• [Action item] In the listing below, find the line with "(bottom) | |" and copy every line from there up to and including the line with "Flick Free #polytron#Xiaomi", exactly and without pictures.

Available data: Begin

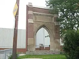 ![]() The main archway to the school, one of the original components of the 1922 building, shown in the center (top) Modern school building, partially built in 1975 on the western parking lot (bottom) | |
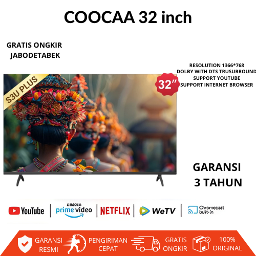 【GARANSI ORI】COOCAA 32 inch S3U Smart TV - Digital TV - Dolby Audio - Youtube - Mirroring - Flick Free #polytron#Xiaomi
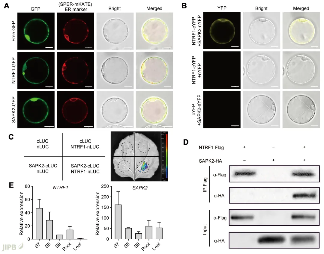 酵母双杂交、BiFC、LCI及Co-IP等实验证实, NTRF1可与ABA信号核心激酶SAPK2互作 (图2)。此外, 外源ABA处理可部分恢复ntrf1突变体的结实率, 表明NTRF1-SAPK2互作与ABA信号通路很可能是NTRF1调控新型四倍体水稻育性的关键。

Available data: End
Available data: Begin

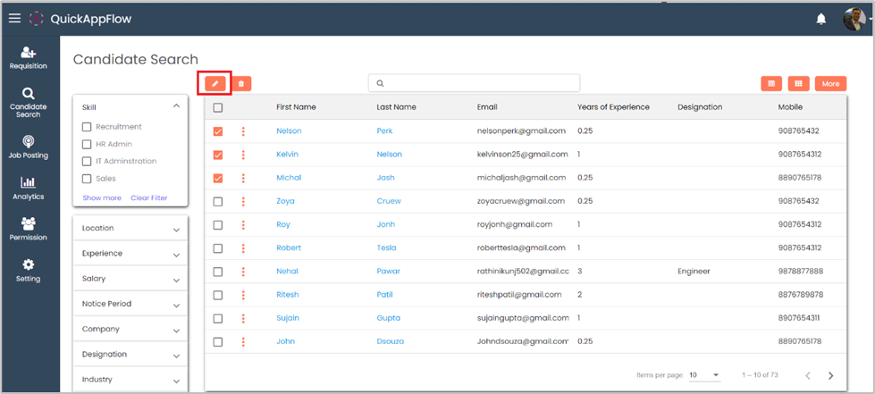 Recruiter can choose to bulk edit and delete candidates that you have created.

Available data: End

• [Your response]
 ![]() The main archway to the school, one of the original components of the 1922 building, shown in the center (top) Modern school building, partially built in 1975 on the western parking lot (bottom) | |
 【GARANSI ORI】COOCAA 32 inch S3U Smart TV - Digital TV - Dolby Audio - Youtube - Mirroring - Flick Free #polytron#Xiaomi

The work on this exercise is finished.